WORK INSTRUCTIONS - Exclude the pictures and repeat all of the data exactly.

[INFORMATION — start]

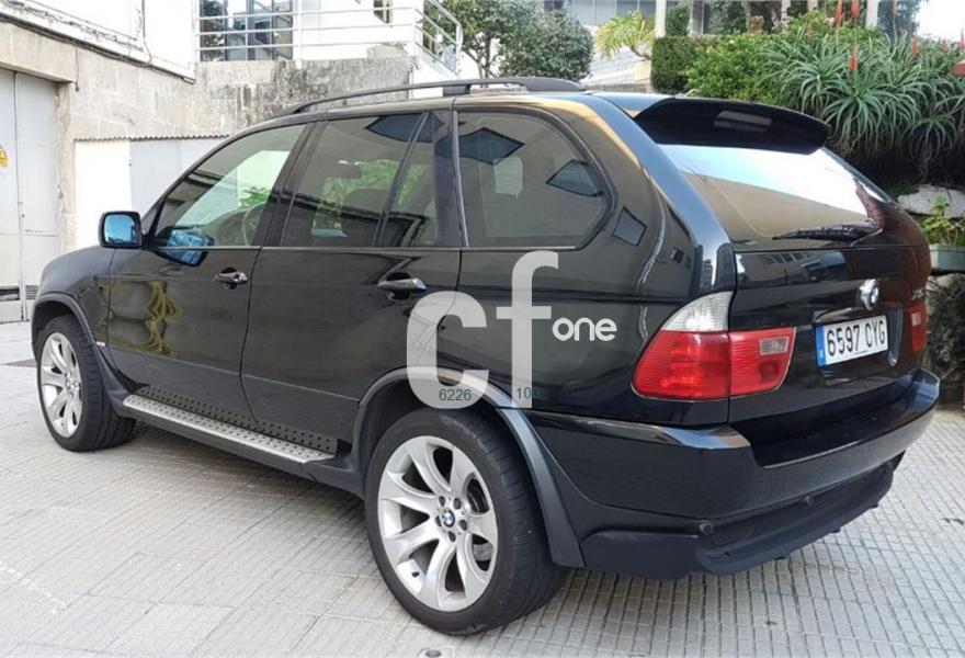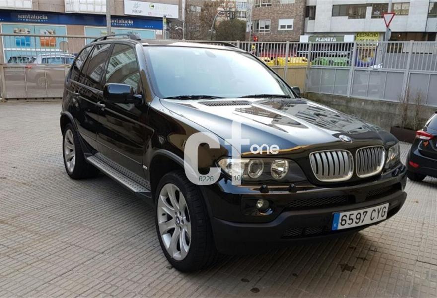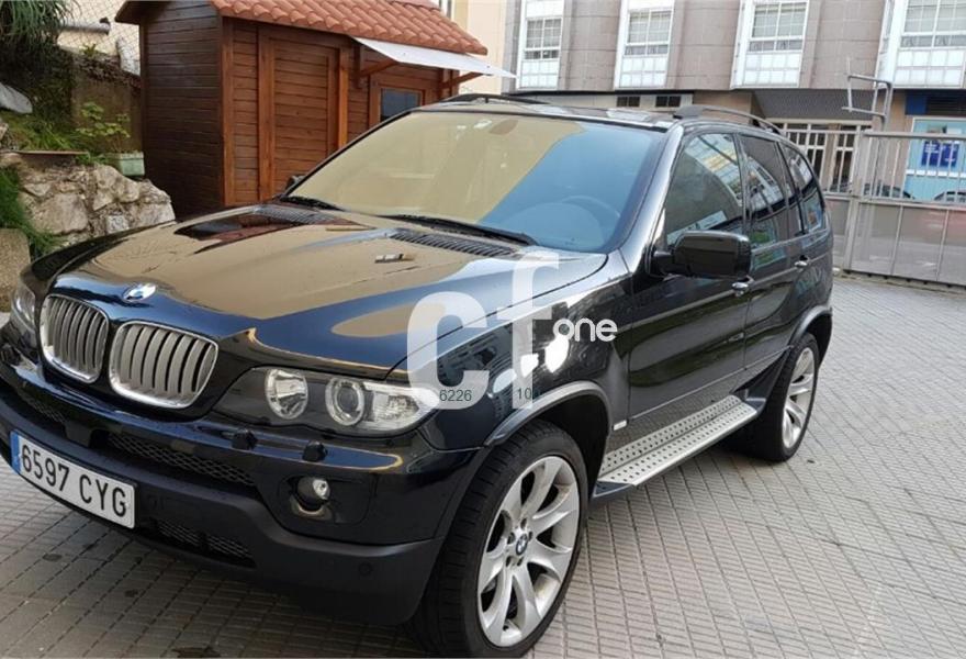 BMW X5, Diesel, año 2004, 98000 kilómetros, color Negro metalizado, precio 10900€. Alfombrillas de velours,Asientos deportivos delanteros 3.0d,Asientos deportivos delanteros 3.0d,Bolsa para esquíes,Calefacción asientos delanteros,Cuero Individual Walknappa ampliado,Reg. eléctrica respaldo asiento trasero,Soporte lumbar asientos delanteros,Tapicería cuero exclusivo "Walknappa",BMW Individual DVD (3.0d),Intercambiador BMW de 6 CD,Navegación Professional y ordenador 3.0,Ordenador de a bordo alfanumérico,Porta CD,Prep. teléfono móvil tecn. Bluetooth,Preparación para teléfono red GSM,Radio BMW Professional,Reproductor de CD,Sistema de altavoces Hi-Fi,Asientos comfort regulac. eléctrica 3.0d,Dispositivo de alarma,Franja verde en el parabrisas,Intermitentes blancos (Individual),Preinstalación de intercambiador 6 CD,Reg. eléctrico asientos (c/memoria) 3.0d,Reg. eléctrico asientos (c/memoria) 3.0d,Retrovisor interior anti-deslumbramiento,Retrovisores ajuste antideslumbrante,Sensor lluvia y accionam. aut. luz cruce,Techo panorámico de cristal,Estribos de aluminio,Llantas aleación radios en V (168) 3.0d,Pintura metalizada,Acabado deportivo 3.0d,Suspensión deportiva. Vehículo todoterreno 4x4 automático en perfecto estado tanto exterior como interior, 218 cv, pocos kilómetros, asientos deportivos eléctricos de cuero negro, techo panorámico eléctrico, sistema de navegación, bluetooth, llanas originales BMW en 19 pulgadas, etc. xacobeospor.
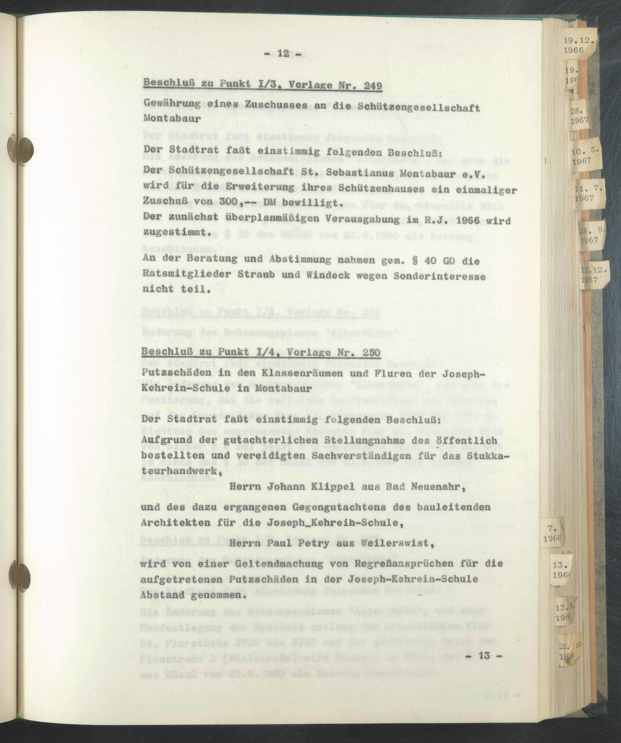Der Schützengesellschaft St. Sebastianus Montabaur e.V. wird für die Erweiterung ihres Schützenhauses ein einmaliger Zuschuß von 300,— DM bewilligt.
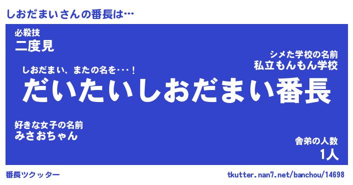 | 伝説のあだ名 | 『不死鳥のスナイパーしおだまい』 |
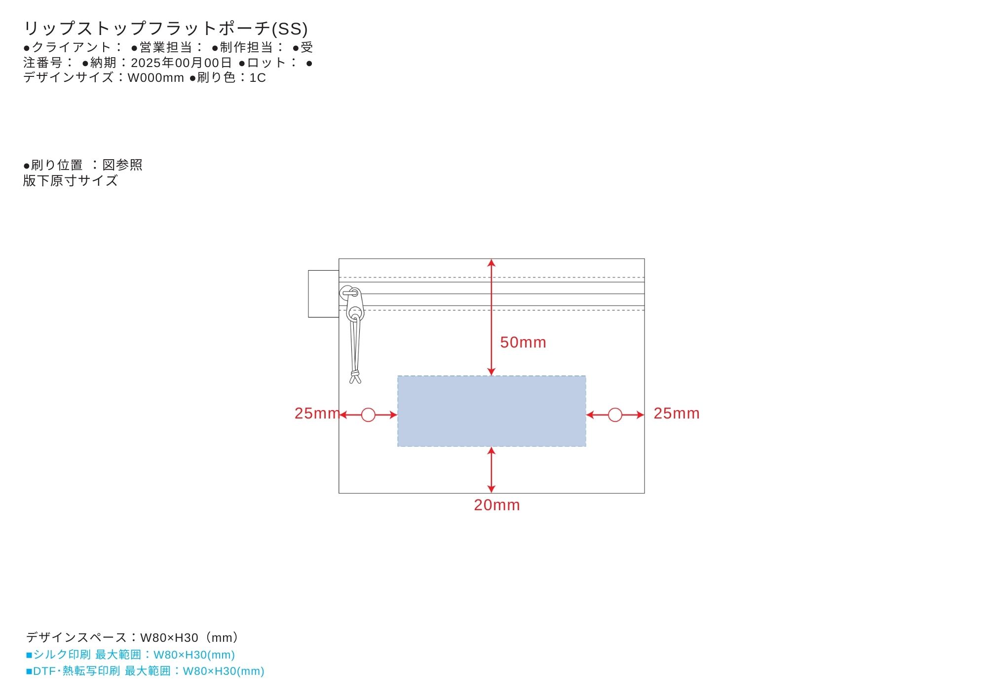 お見積書の備考に記載されたサイズの範囲で名入れデータを作成いただき、完全データでお送り下さい。原則一色ですが、印刷色はお好きなカラーが選べます。データの入稿先は、お見積り書の本文にてお知らせいたします。
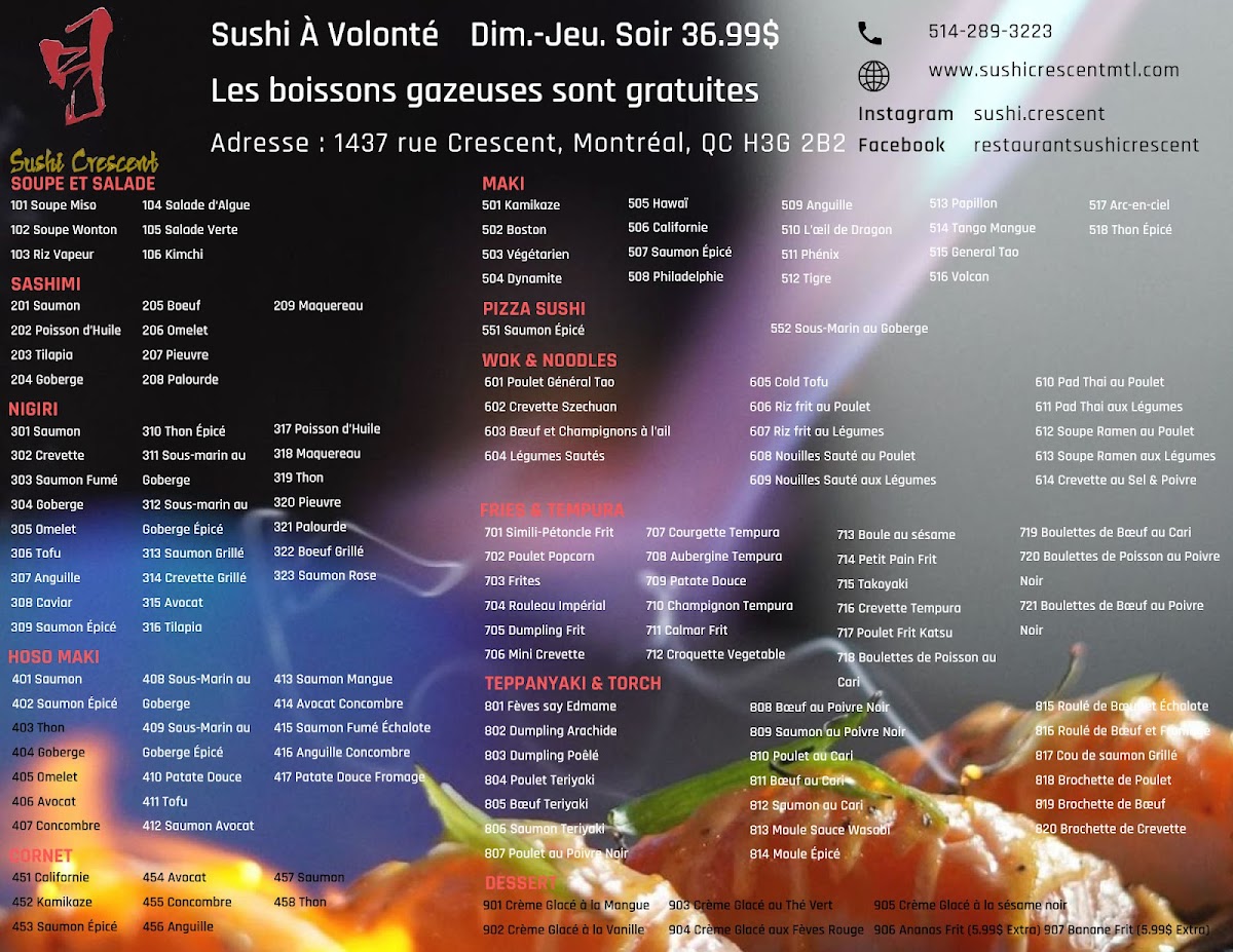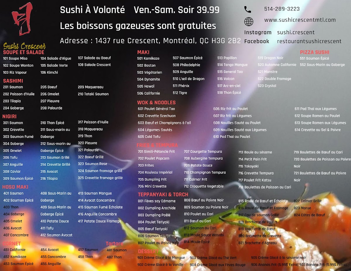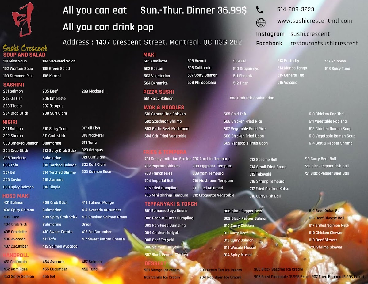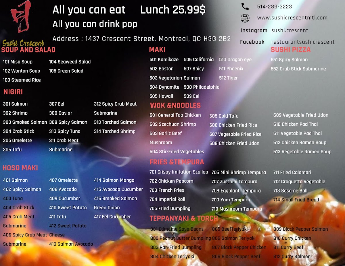 Welcome to Sushi Crescent, a sushi haven located at 1437 Crescent St, Montreal. Known for its vibrant atmosphere and mouthwatering assortment, this establishment offers an impressive range of sushi and Asian dishes. Whether you are craving Maki, fresh sashimi, or delectable hot dishes like Chicken Fried Udon and Teriyaki, there's something to delight every palate.
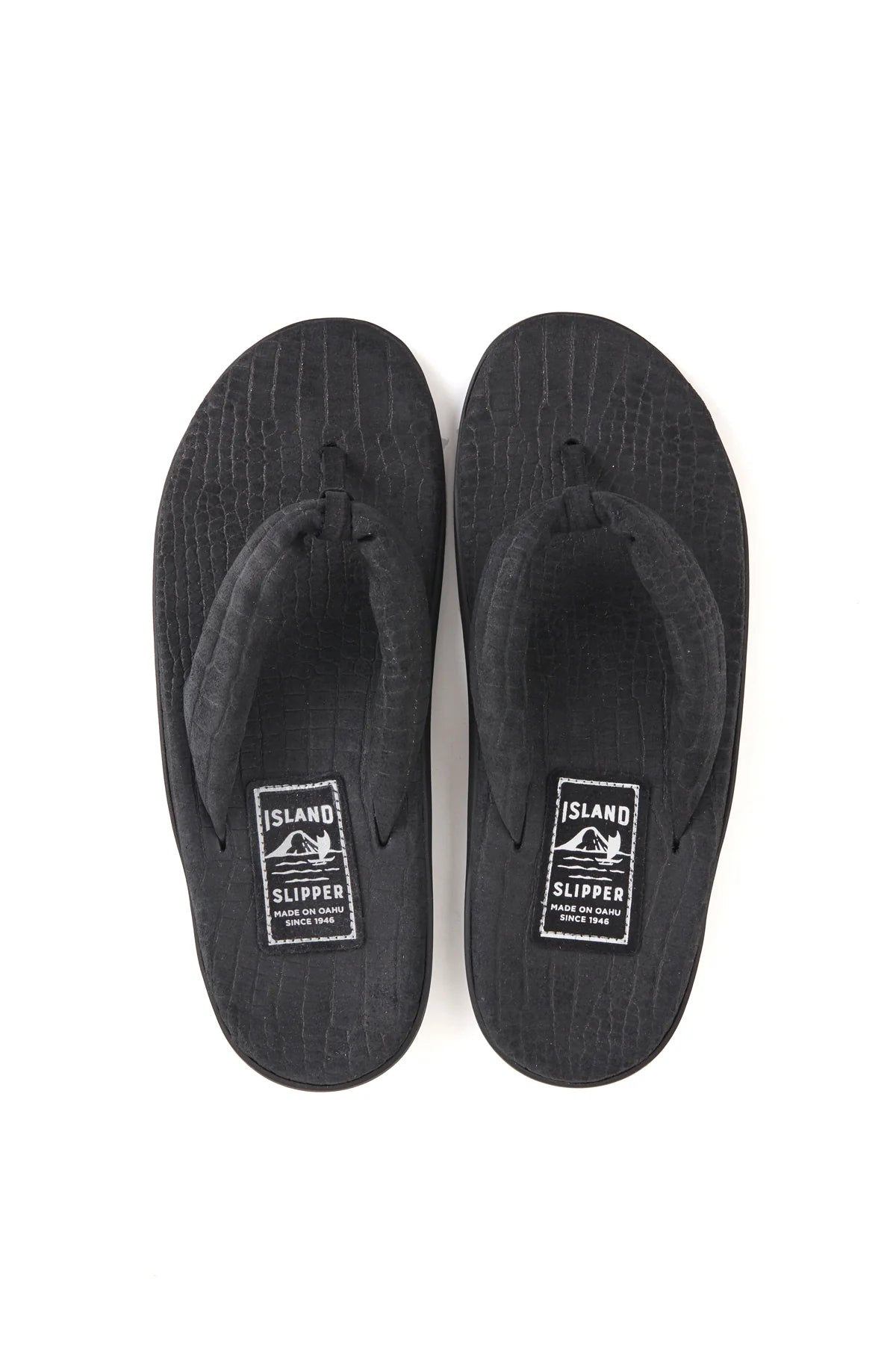 The OLD JOE SETTA SLIPPER, crafted in collaboration with ISLAND SLIPPER, blends Hawaiian sandal heritage with a unique design inspired by Japanese snow shoes. This season’s edition features crocodile-embossed suede uppers that offer a distinctive, refined look. The soft upper material ensures comfort, while the hard leather insole provides durable support that maintains its shape over time. Perfect for those seeking a stylish yet comfortable slipper with expert craftsmanship and a one-of-a-kind aesthetic.
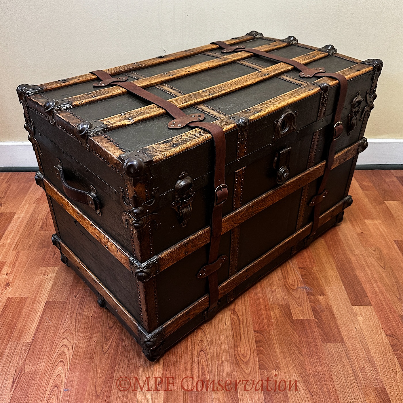 Wood Trimmed Steamer Trunk ca 1900

[INFORMATION — finish]

RESULT OF THIS EXERCISE -
 BMW X5, Diesel, año 2004, 98000 kilómetros, color Negro metalizado, precio 10900€. Alfombrillas de velours,Asientos deportivos delanteros 3.0d,Asientos deportivos delanteros 3.0d,Bolsa para esquíes,Calefacción asientos delanteros,Cuero Individual Walknappa ampliado,Reg. eléctrica respaldo asiento trasero,Soporte lumbar asientos delanteros,Tapicería cuero exclusivo "Walknappa",BMW Individual DVD (3.0d),Intercambiador BMW de 6 CD,Navegación Professional y ordenador 3.0,Ordenador de a bordo alfanumérico,Porta CD,Prep. teléfono móvil tecn. Bluetooth,Preparación para teléfono red GSM,Radio BMW Professional,Reproductor de CD,Sistema de altavoces Hi-Fi,Asientos comfort regulac. eléctrica 3.0d,Dispositivo de alarma,Franja verde en el parabrisas,Intermitentes blancos (Individual),Preinstalación de intercambiador 6 CD,Reg. eléctrico asientos (c/memoria) 3.0d,Reg. eléctrico asientos (c/memoria) 3.0d,Retrovisor interior anti-deslumbramiento,Retrovisores ajuste antideslumbrante,Sensor lluvia y accionam. aut. luz cruce,Techo panorámico de cristal,Estribos de aluminio,Llantas aleación radios en V (168) 3.0d,Pintura metalizada,Acabado deportivo 3.0d,Suspensión deportiva. Vehículo todoterreno 4x4 automático en perfecto estado tanto exterior como interior, 218 cv, pocos kilómetros, asientos deportivos eléctricos de cuero negro, techo panorámico eléctrico, sistema de navegación, bluetooth, llanas originales BMW en 19 pulgadas, etc. xacobeospor.
Der Schützengesellschaft St. Sebastianus Montabaur e.V. wird für die Erweiterung ihres Schützenhauses ein einmaliger Zuschuß von 300,— DM bewilligt.
 | 伝説のあだ名 | 『不死鳥のスナイパーしおだまい』 |
 お見積書の備考に記載されたサイズの範囲で名入れデータを作成いただき、完全データでお送り下さい。原則一色ですが、印刷色はお好きなカラーが選べます。データの入稿先は、お見積り書の本文にてお知らせいたします。
 Welcome to Sushi Crescent, a sushi haven located at 1437 Crescent St, Montreal. Known for its vibrant atmosphere and mouthwatering assortment, this establishment offers an impressive range of sushi and Asian dishes. Whether you are craving Maki, fresh sashimi, or delectable hot dishes like Chicken Fried Udon and Teriyaki, there's something to delight every palate.
 The OLD JOE SETTA SLIPPER, crafted in collaboration with ISLAND SLIPPER, blends Hawaiian sandal heritage with a unique design inspired by Japanese snow shoes. This season’s edition features crocodile-embossed suede uppers that offer a distinctive, refined look. The soft upper material ensures comfort, while the hard leather insole provides durable support that maintains its shape over time. Perfect for those seeking a stylish yet comfortable slipper with expert craftsmanship and a one-of-a-kind aesthetic.
 Wood Trimmed Steamer Trunk ca 1900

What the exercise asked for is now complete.